“A study that claimed OpenAI’s ChatGPT can positively impact student learning has been retracted nearly one year after publication. The journal publisher, Springer Nature, cited “discrepancies” in the analysis and a lack of confidence in the conclusions—but not before the paper racked up hundreds of citations and made the rounds on social media.”
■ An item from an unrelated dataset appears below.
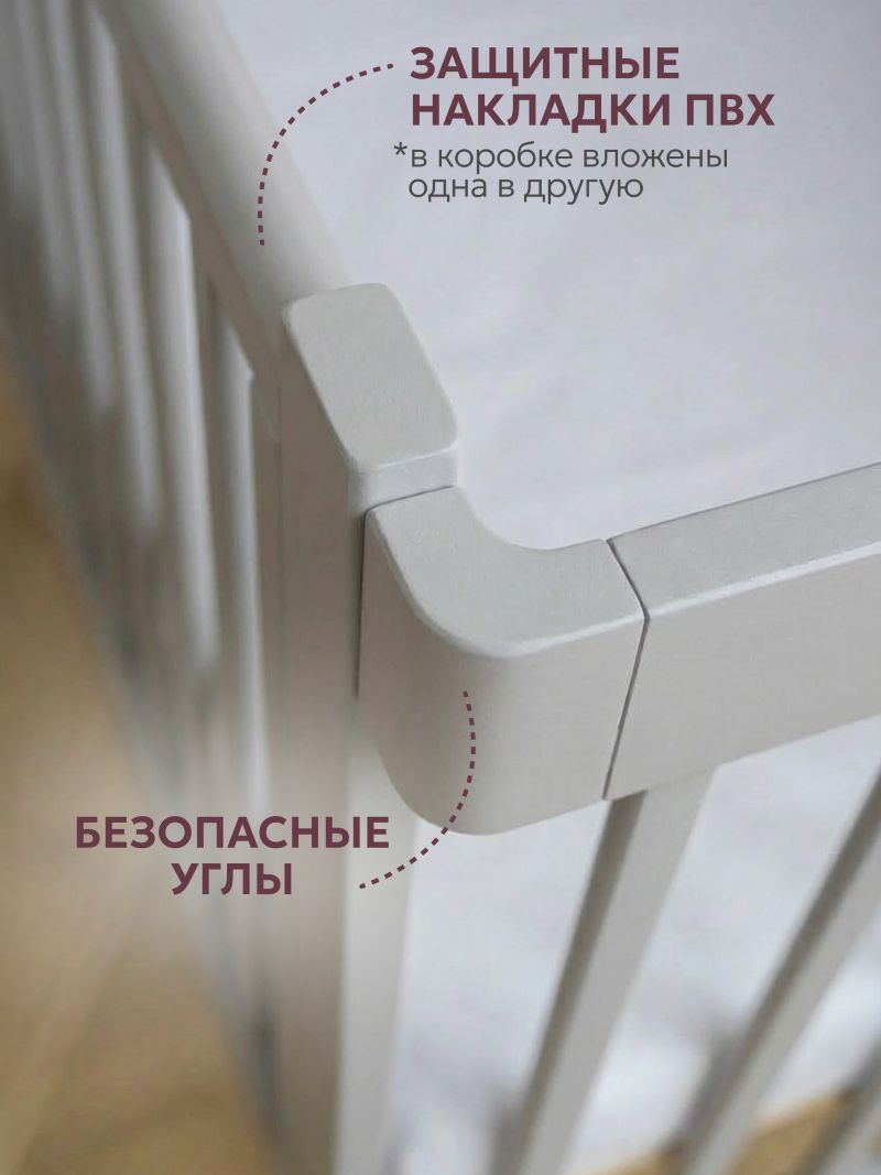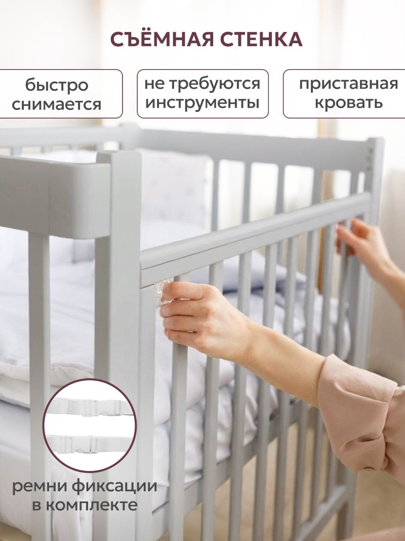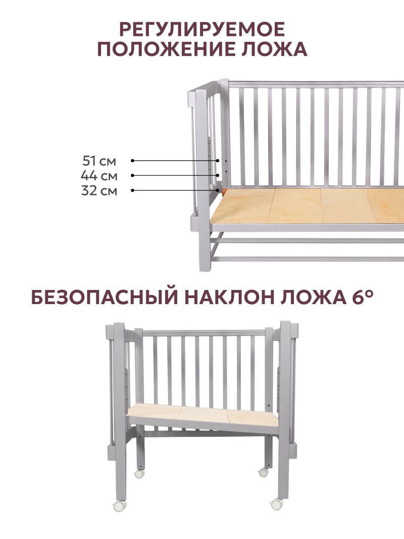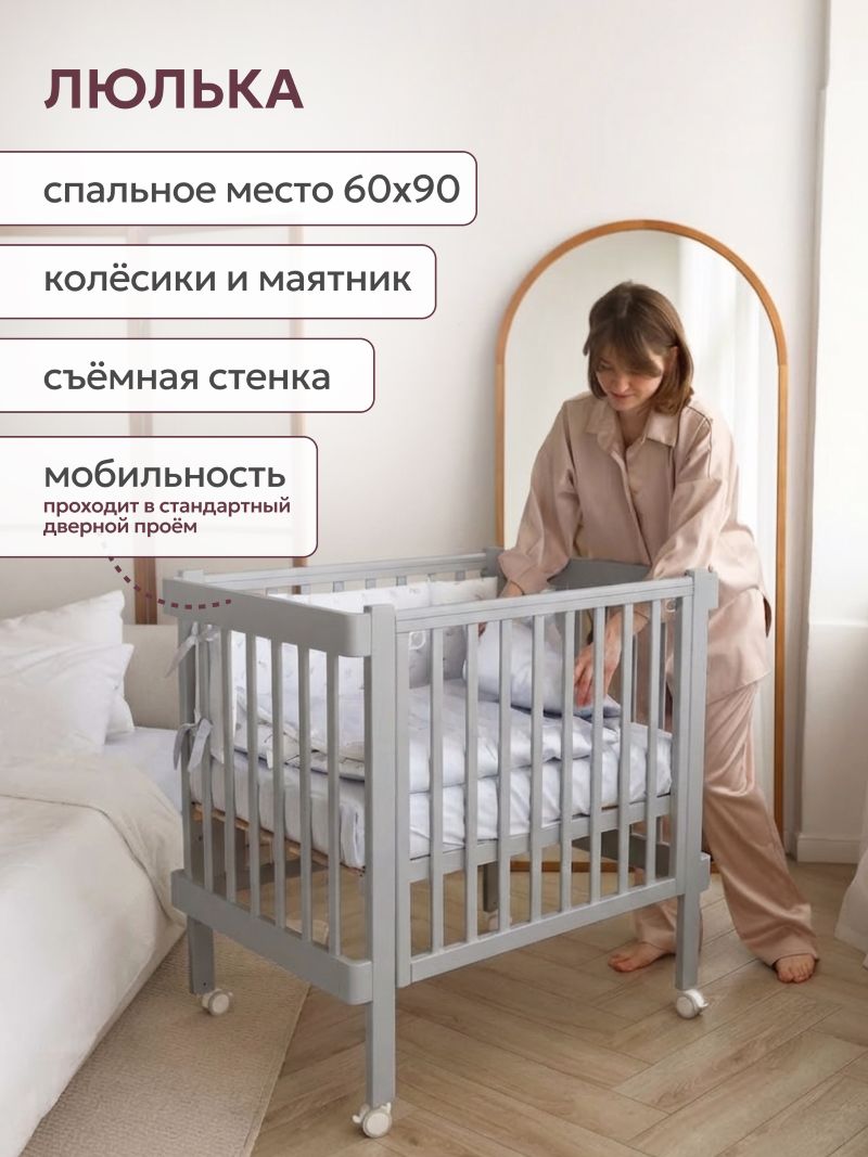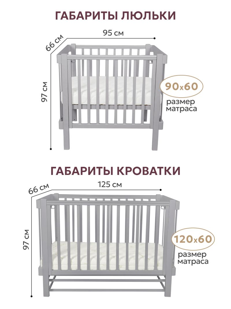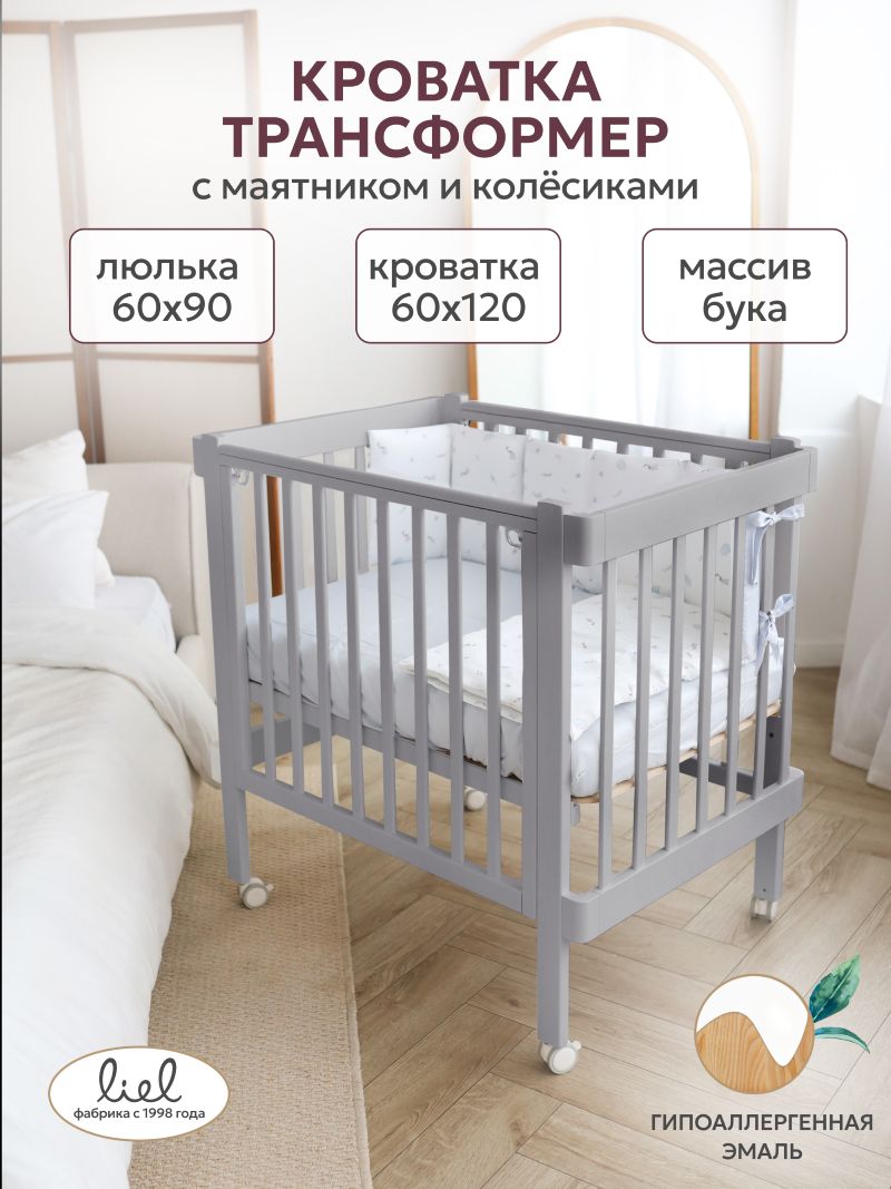 Кроватка-трансформер Liel Сириус из массива бука с гипоаллергенным эмалиевым покрытием - многофункциональная модель 3в1 ( люлька 90х60 см, кровать 120х60 см и приставная кроватка для совместного сна) с трёхуровневым ложем ( высота от пола 31, 44, 50 см),опускающейся стенкой с фиксатором ( положения 83, 90,96 см), маятниковым механизмом продольного качания, съёмной боковой панелью с ремнями фиксации, U-образными защитными накладками ( 2 шт) и колёсами, при ширине 66 см для свободного прохода в стандартный дверной проём.

https://arstechnica.com/ai/2026/05/influential-study-touting-chatgpt-in-education-retracted-over-red-flags/

Influential study touting ChatGPT in education retracted over red flags

The retracted study on ChatGPT in education was already cited hundreds of times.

Ars Technica
@factsentinel @gregeganSF It mirrors the massive issue of poor replication of results. It’s true in all the sciences, I think medicine has it the worst but it is true mostly in social and soft science areas. Papers get retracted sometimes, but the papers that cited the retracted papers don’t get the scrutiny needed. I think authors rarely know if a previous reported result important to their own research has been retracted. This is why skepticism is good. Never believe one study. You need lots, and results that replicate.
@meltedcheese @factsentinel @gregeganSF and well, who has time to chase papers two levels deep (i.e., a paper in the bibliography of a paper cited by the paper you're currently looking at) or more these days? ;)
@gregeganSF @factsentinel @tpfto Exactly. We should have AI track this for us. The AI tech is called “non-monotonic reasoning” and it is the basis for considering future hypothetical situations given certain assumptions. The hard for AI, and extremely hard for people, is unwinding all the inferences you’ve made that are traceable to assumption that should be retracted — e.g., a result from a retracted paper. Same idea.
@gregeganSF @tpfto @factsentinel And THIS is why the #scientific method is nevertheless the most credible source of Truth: everything is questionable and subject to disproof. It’s hard, but we do spot and disprove errors in results Alternatives are proposed and tested FOREVER.